Hm, now the target passed by simply using less workers. I watched the execution also beforehand and the process did not run out of memory when more workers were used. Strange.
Yeah, from that error, resource constraints seem a likely explanation. Which kind of workers did you scale down, outer clustermq
workers or inner future.callr
workers? How many were you using before, and how many are you using now?
Going back to your original post:
If multiple future::plan() calls are set to narrow down the need of within-target parallelism of certain targets, these calls will repeatedly outdate the respective targets.
I am not sure I know what you mean. Is this because you are supplying a specific number of workers to future::plan()
?
So if certain targets require a smaller amount of workers due to potential memory issues, the only option to specify an upper limit would be the --cpus-per-task in the Slurm template.
Wait, does that mean you are using transient workers at the top level, i.e. make(parallelism = "future")

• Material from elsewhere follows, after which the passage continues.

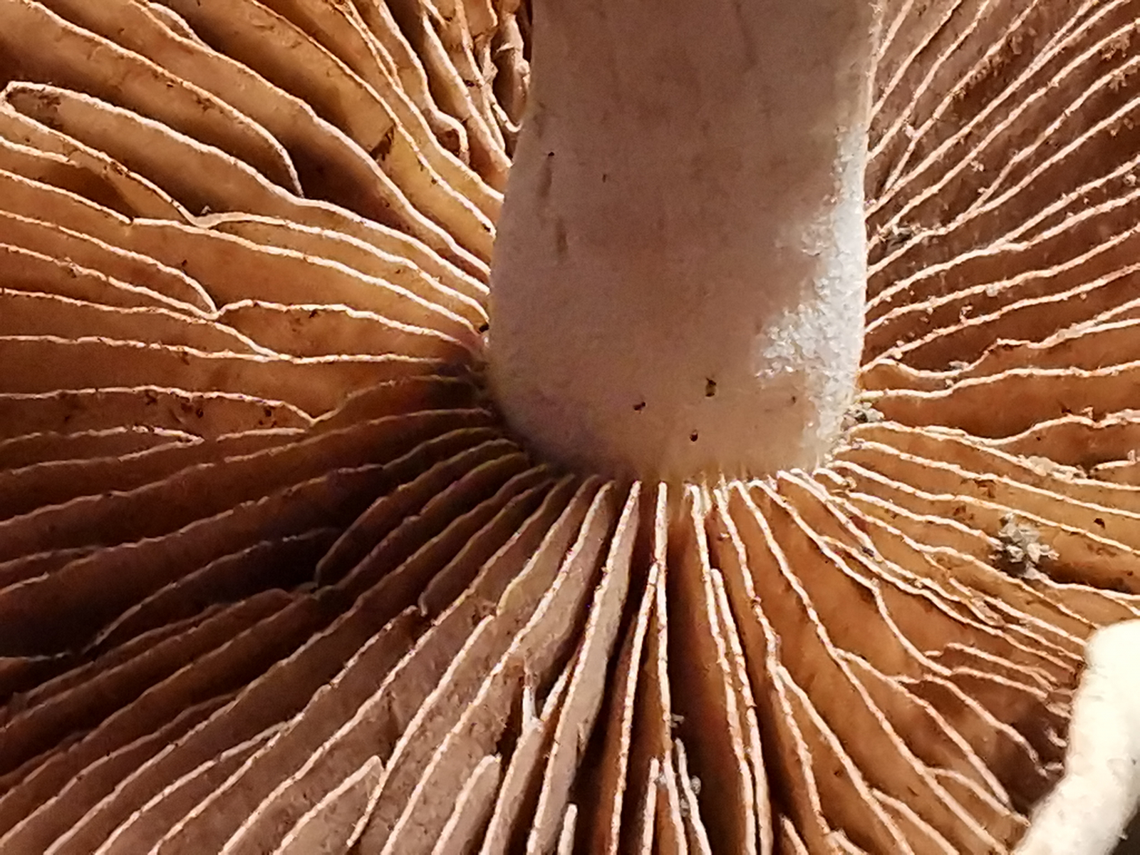 • Schleierlinge haben in jungem Stadium einen Schleier der die Lamellen verhüllt. Wenn der Hut aufschirmt, reißt der Schleier auf. Es bleibt aber immer ein Rest Schleier im oberen Bereich des Stiels hängen. Darin verfängt sich dann rostbraunes Sporenpulver, so dass ältere Exemplare immer eine Art rostbraune Ringzone am Stiel haben. Das ist das wichtigste und eigentlich auch leicht erkenntliche Merkmal der Cortinarien.

? If so, you can use a custom resources
column in the plan. But if you are using make(parallelism = "clustermq")
, it may not be worth fine-tuning the resource requirements for individual targets. clustermq
workers are homogenous, each one can run multiple targets, and there is currently no way to manually require certain targets to go to certain clustemrq workers (worker affinities are a long-term goal). In other words, you are going to get basically the same pool of available resources for each target anyway.
So I guess I am unclear about exactly what you are trying to achieve.
Which kind of workers did you scale down, outer clustermq workers or inner future.callr workers? How many were you using before, and how many are you using now?
I was scaling down the inner ones from 7 to 3.
I am not sure I know what you mean. Is this because you are supplying a specific number of workers to future::plan()?
I was previously using multiple future::plaN()
calls with a different number of workers for specific targets. This is bad practice.
Wait, does that mean you are using transient workers at the top level, i.e. make(parallelism = "future")?
No, I am using 'clustermq`. The resources column for non-transient workers is on my wishlist :)
In other words, you are going to get basically the same pool of available resources for each target anyway.
I know. That is the reason why I have to limit my inner-parallelization workers to match the demand of the task that needs most memory.
@pat-s, is your workflow up and running with future.callr
-based parallelism within targets? Anything else I can do to help?
I was scaling down the inner ones from 7 to 3.
Hmm... 3 seems quite small. In future.callr::callr()
, the default for workers
is availableCores()
, which seems sensible enough for HPC. It is easy to overdo multi-process/multicore parallelism. Even with hyperthreading, the speed gains are not usually too impressive beyond the number of cores.
Were you setting a non-default value of workers
when you encountered those callr
errors? How many cores per node did you request on SLURM at the time?
I know. That is the reason why I have to limit my inner-parallelization workers to match the demand of the task that needs most memory.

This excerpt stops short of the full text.